Jacob Beningo (09:15)

Oh, absolutely. I’ve actually done the experiment where we had entry level engineers, they wrote some code for a system. The system as it turned out was not, let’s say running to the real time level that it should. It was using like 85 % of the CPU. We took an AI and had it run through the code and it actually took it from about 85 % CPU utilization down to about, I’ll say it was like 52%, drastic improvement. And then we took a senior level engineer like myself to come in and rewrite that code. And we got it down to like 40%.

That kind of gives you a little bit of a feel from a real time perspective of where these tools currently are at. AI doesn’t really understand how to fully optimize for the end targets. It just doesn’t have that experience. It’s mostly trained on code that’s open source. Maybe it’s C language being used for some other app, a type of application on a desktop or C plus plus for data science or something where they’re not as concerned with efficiency and performance.

Paul Ducklin (10:08)

You have a certain amount of memory.

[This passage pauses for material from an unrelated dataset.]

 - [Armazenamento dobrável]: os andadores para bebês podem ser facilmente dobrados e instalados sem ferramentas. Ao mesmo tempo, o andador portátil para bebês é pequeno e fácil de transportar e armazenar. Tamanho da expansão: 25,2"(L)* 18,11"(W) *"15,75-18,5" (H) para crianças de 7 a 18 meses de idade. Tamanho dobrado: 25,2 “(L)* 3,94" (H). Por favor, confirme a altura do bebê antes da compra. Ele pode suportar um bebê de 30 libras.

It comes with, the system on chip and that’s that. So how do you look for mistakes like that in AI generated code? Certainly as a writer, I noticed that a lot of what the AI writing bots do, they often write rather nice prose, trying to say what you want to hear, even if with the best one in the world, it’s told you the opposite of what is true because it just started from a false premise.

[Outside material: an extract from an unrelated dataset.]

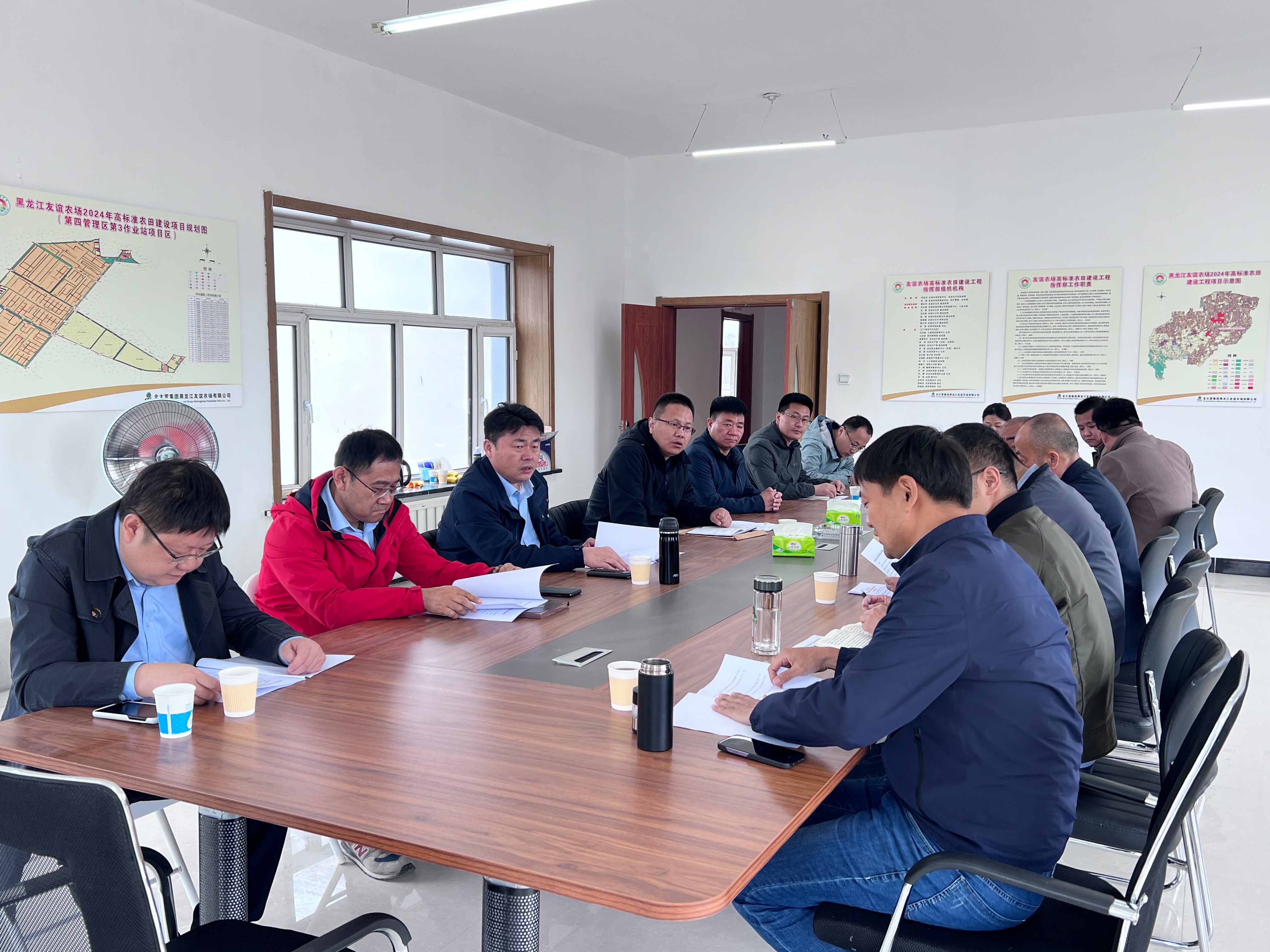 裴文晶一行首先来到黑龙江省粮食产能提升项目了解项目进展,并同项目部一线人员进行交流。随后,调研组来到黑龙江友谊农场2024年高标准农田建设项目,同北大荒集团黑龙江友谊农场有限开云(中国)Kaiyun·官方网站副总经理樊庆华进行会谈。双方对当前项目的总体进度、面临的机遇和挑战进行了分析和研讨,并对下一步如何加强合作进行深入交流,展望两家省级国有企业合作的未来,努力发挥山东水总基础建设和北大荒集团农业生产运营的优势,打造出“1+1>2”的效果。

How do you deal with what you might call the devil in the details with AI generated code, particularly when it comes to real time operating systems, things like memory consumption, power usage, response time, determinism.

Jacob Beningo (10:53)

We’ll start with the first part that you mentioned there, which was how do we recognize and look at the code and kind of make sure that it’s meeting what we want it to do. One of the things that I have done in my development is I don’t allow AI to just run off and do a whole bunch of stuff at once. You’ll find that a lot of tools out there, they’re very much trying to push agentic workflows. Yes. Where you tell it a little bit of information and it just runs and just goes, goes, goes, goes, goes. I’d very much constrain it to, I want to do this one little thing and just let it generate a little bit of code.

And then I review that code. I’ll use it to potentially generate test cases for the code that I’m writing. I’d like to use test driven development where we write the test first, watch the test fail, write some code to make it pass. And then we refactor after that. So that it’s almost like I’m writing the code, but I’m pair programming with the AI. I keep it in my editor. see what it just generated. It’s not just letting the AI write the code for us. It’s understanding the tools, its capabilities. If I tell it this, what does it do?

If I give these inputs, how does that change the outputs and trying to get constraint around how do we actually use this? Where is this stuff actually going in the future?

Paul Ducklin (11:59)

So you use it as a tool, not as a magic wand.

Jacob Beningo (12:03)

Exactly.

We’re not vibe coding. Build me a weather station or build me a brake controller and just let it go and chug away for two hours and come back.

Paul Ducklin (12:05)

Yeah.

Do you think that the media are making things a bit more dangerous than perhaps they need to be with AI by talking up some of the stories that you’ve seen lately? Like, hey, this guy told AI to write a whole browser from scratch or hey, these guys spent $20,000 of credits and they got a very low quality C compiler. Yeah.

My understanding is that the researchers who were doing that, weren’t trying to build a browser or build a C compiler. If you want to see a compiler, go and download one that’s known to be good and don’t try and knit your own out of rotten string. The idea was to see what happens if you let a whole load of agents work together. But those stories have sort of been pitched as, Hey, like you just said, write me a brake controller for front disc brakes on a vehicle of this mass. Click.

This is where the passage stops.